Specifically, matching string is hoabcdefguafkdoieum, and target string is abcdefg, calculates mesh The cryptographic Hash of mark character string is H (T), intercepts matching string hoabcde of equal length, the Hash of its character string It is worth for H1 (S), now compare H (T) and be not equal to H1 (S) it is determined that abcdefg is different from hoabcde.Treating Matching string abcdefg of equal length is intercepted, its cryptographic Hash is H2 (S), compares H (T) in matched character string It is identical it is determined that comprising target string in matching string with H2 (S).In this embodiment, target word Symbol string comprises 7 characters, according to corresponding the matching process comparing in prior art, needs to treating that each intercepts Matched character string is mated 7 times, and the matching process in the present embodiment only needs to compare once, therefore, has reached raising The effect of the matching speed of character string, solves the slow technical problem of the matching speed of character string in prior art. And, can significantly find out from this embodiment, the character that target string comprises is more, with existing character string The method joined is compared, and the advantage of the character string matching method performed by string matching device of this embodiment is more obvious, Matching speed is faster.

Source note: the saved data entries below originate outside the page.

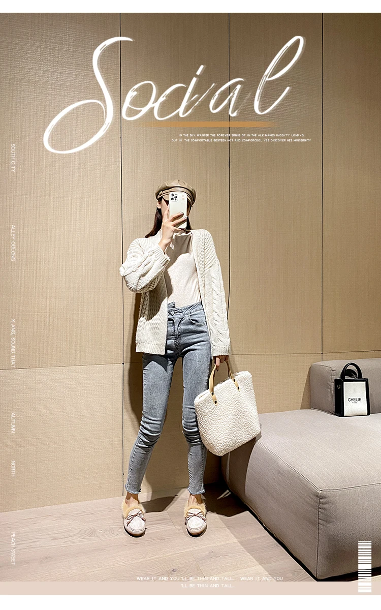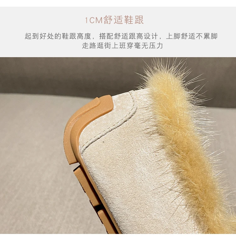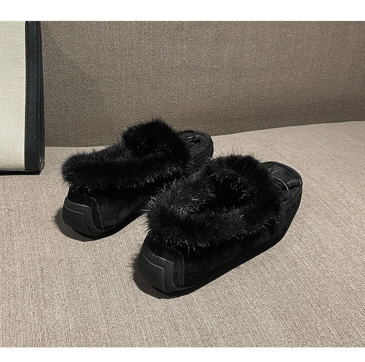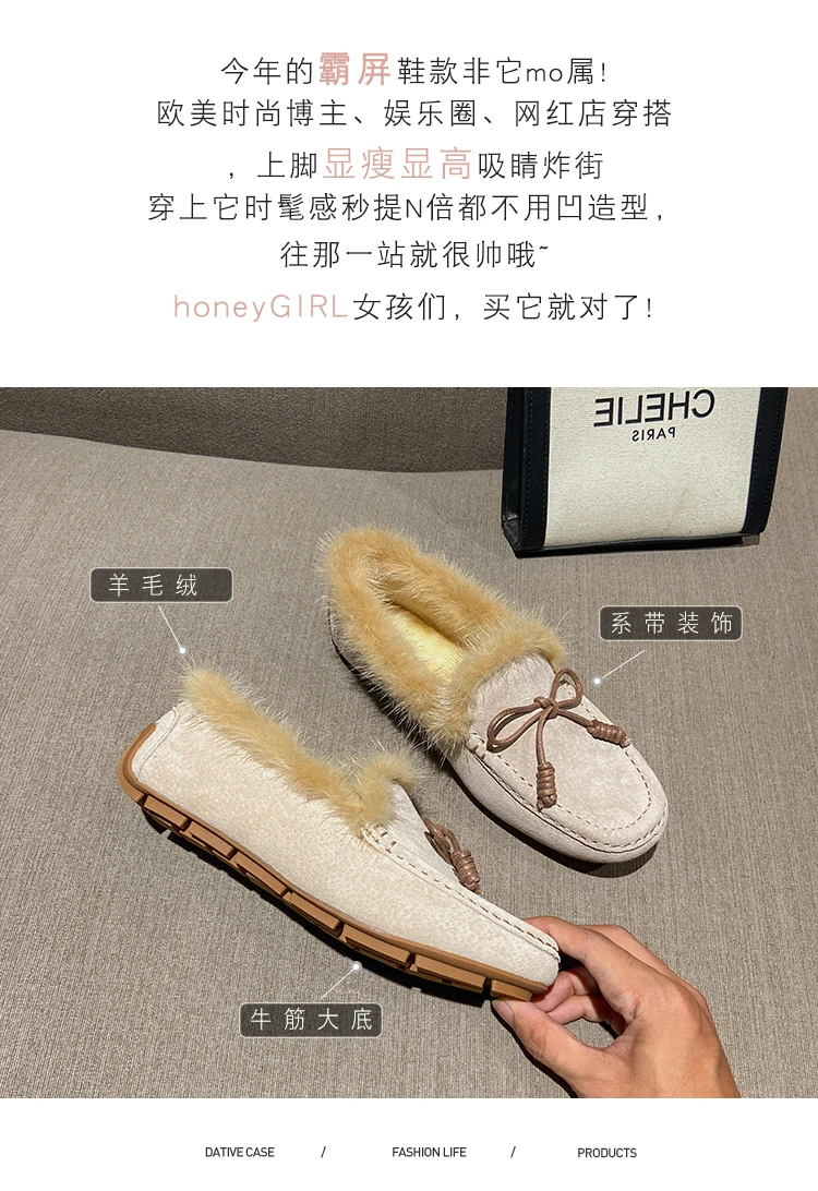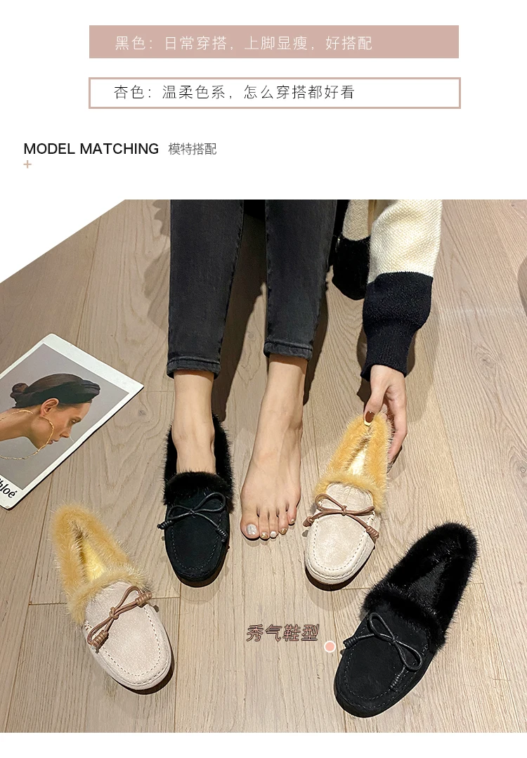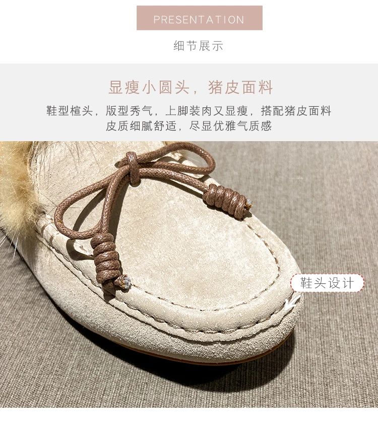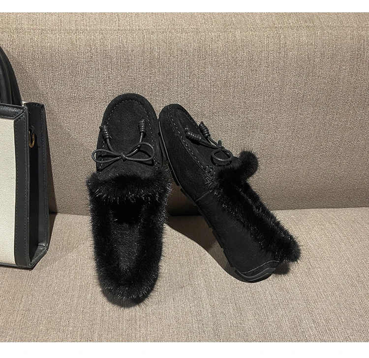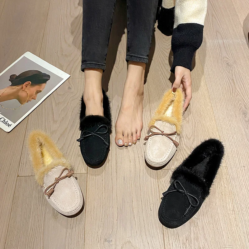 2023 Real Fur Moccasins Women Genuine Leather Flats Walking Shoes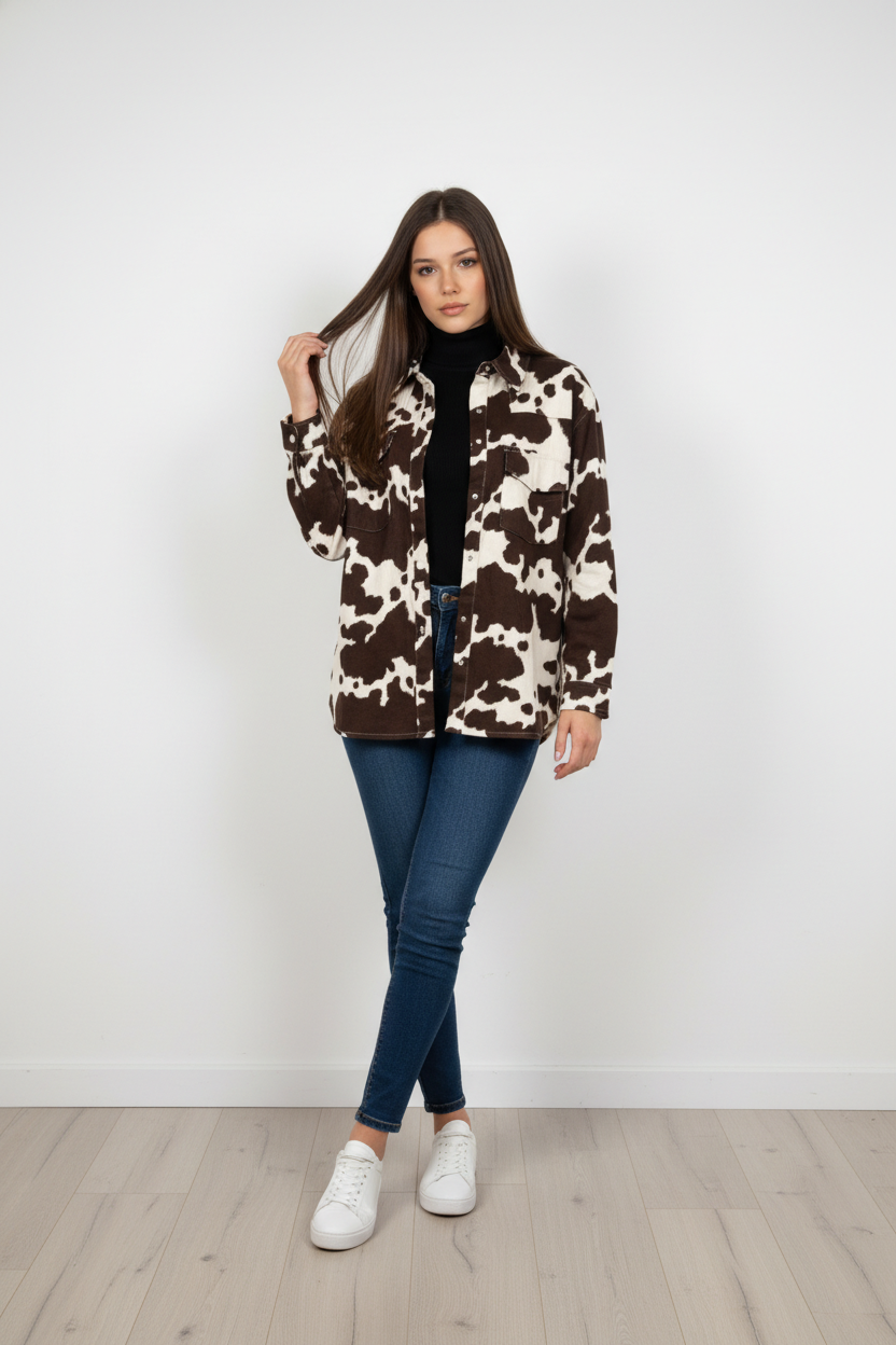Sobrecamisa Estepa Brava – Vaquera con estampado de vaca y botones de presión | Trapío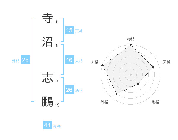 寺沼 志鵬さんを姓名の画数から五運を鑑定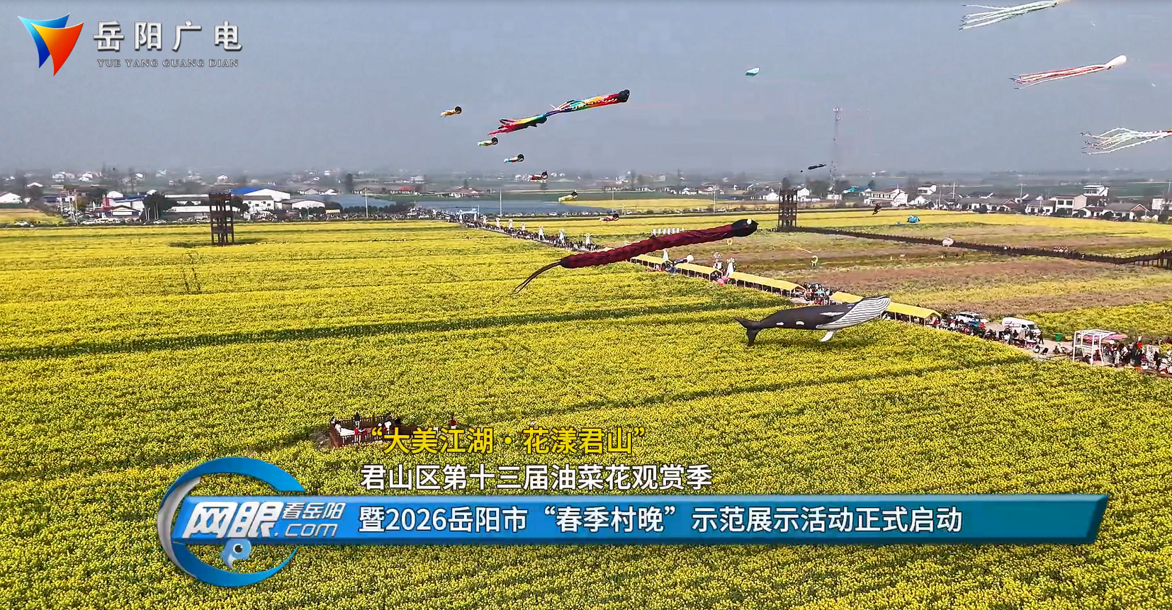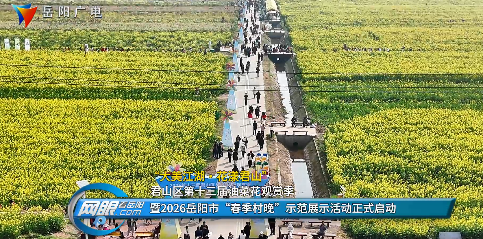岳阳广电全媒体讯(记者 向雅 李亮)3月12日,“大美江湖・花漾君山”君山区第十三届油菜花观赏季暨2026岳阳市“春季村晚”示范展示活动,在良心堡镇福星村金色花海广场正式启幕。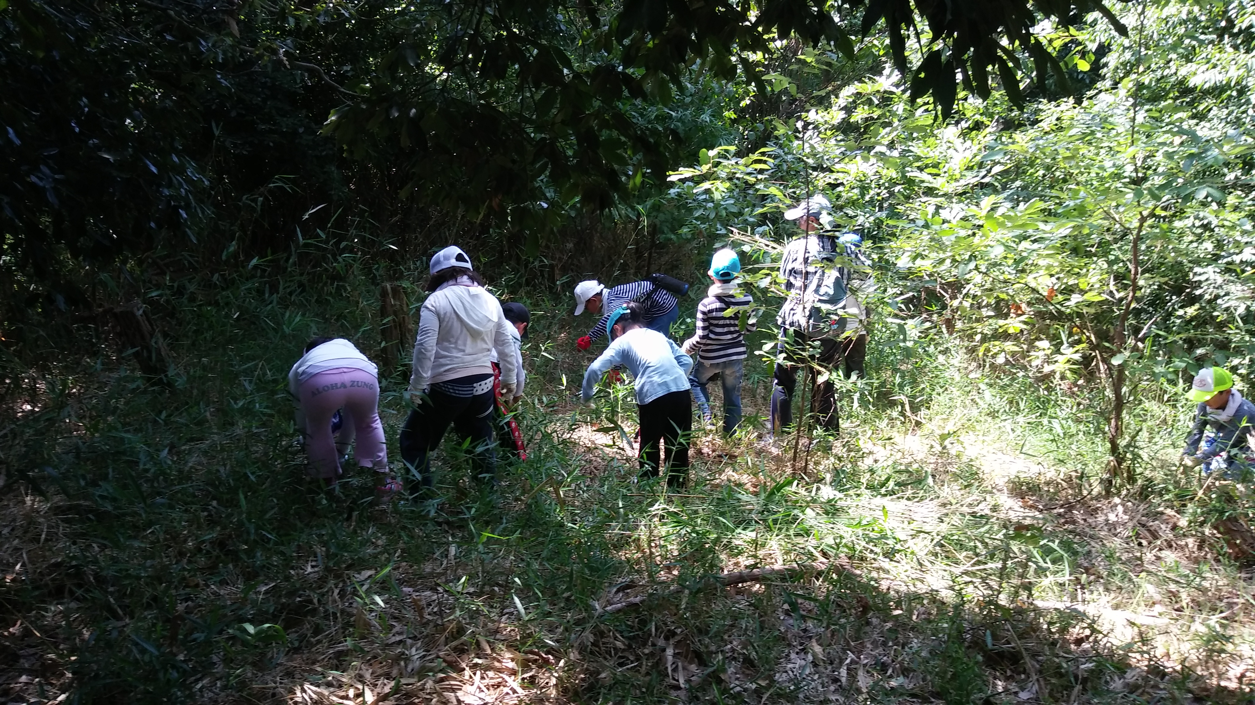 今までの里山活動の説明をした後、どんぐり拾いの場所で鎌を使い草刈りをしました。その後は、初めての試みの「そうめん流し」。子供も大人も歓声をあげながら満腹になった夏の一日でした。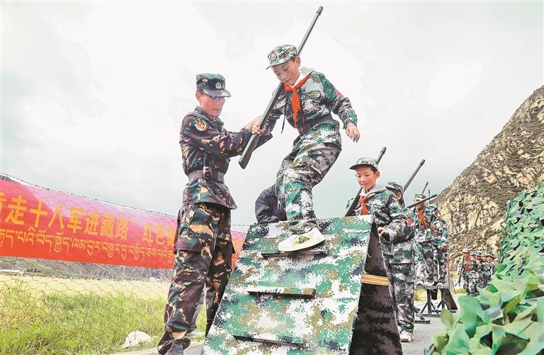 图为学生在体验跨障碍物训练。记者 格桑伦珠 摄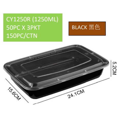 [Ready Stock] 750ml/1000ml/1250ml Rectangular Disposable Plastic Food Container / 10 sets/50 sets/ Transparent/ Black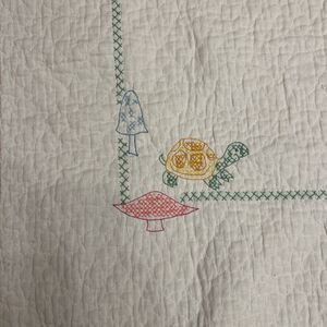 Vintage Baby Quilt Blanket Handmade Embroidered Chip & Dale Store Nuts Mushrooms

Alternatively, in order to improve the accuracy of coupling, each using target string and matching string meets bar The substring of part is mated, and the substring meeting condition is exactly and target character string length identical character string, I.e. comparing unit includes:Determining module, for making the substring starting in matching string from first character For current substring;Computing module, for calculating the cryptographic Hash of current substring, and the Kazakhstan with target string Uncommon value is compared;Stopping modular, for identical in the cryptographic Hash of current substring and the cryptographic Hash of target string When, stop comparing;Acquisition module, for different in the cryptographic Hash of current substring and the cryptographic Hash of target string When, using the next substring in matching string as current substring, and return computing module calculate work as The cryptographic Hash of front substring, till the length of next substring is less than the length of target string, wherein, Two neighboring substring in matching string differs the distance of a character.
One by one the cryptographic Hash of the matching string with equal length is compared with the cryptographic Hash of target string, Comprise target string finding matching string, then no longer compare the remaining character string in matching string. If current character string is different from target string, it is compared using character late string, until word to be matched All characters of symbol string are all matched.
For example, matching string is hoabcdefguafkdoieum, and target string is abcdefg, first intercepts Hoabcde simultaneously calculates its cryptographic Hash, compares with the cryptographic Hash of target string, and judged result is that cryptographic Hash is different, then Continue to intercept character late string oabcdef, calculate its cryptographic Hash and the cryptographic Hash with target string is compared, Judged result is that cryptographic Hash is different, then continue to intercept character late string abcdefg as current string, calculate it The cryptographic Hash cryptographic Hash with target string is compared, judged result is that cryptographic Hash is identical, then do not continue to intercept Cryptographic Hash.The length of character string intercepting every time is all identical with the length of target string.If in the character being truncated to All there is no cryptographic Hash identical character string before string kdoieum, then compare cryptographic Hash and the target word of kdoieum The cryptographic Hash of symbol string, after difference yet, does not continue to intercept character late string, determines in this matching string and do not wrap Include target string.Matching string is judged by intercepting one by one and the length identical character string of target string In whether include target string, any one character in matching string can not be missed it is achieved that accurate Join the accuracy it is ensured that character match.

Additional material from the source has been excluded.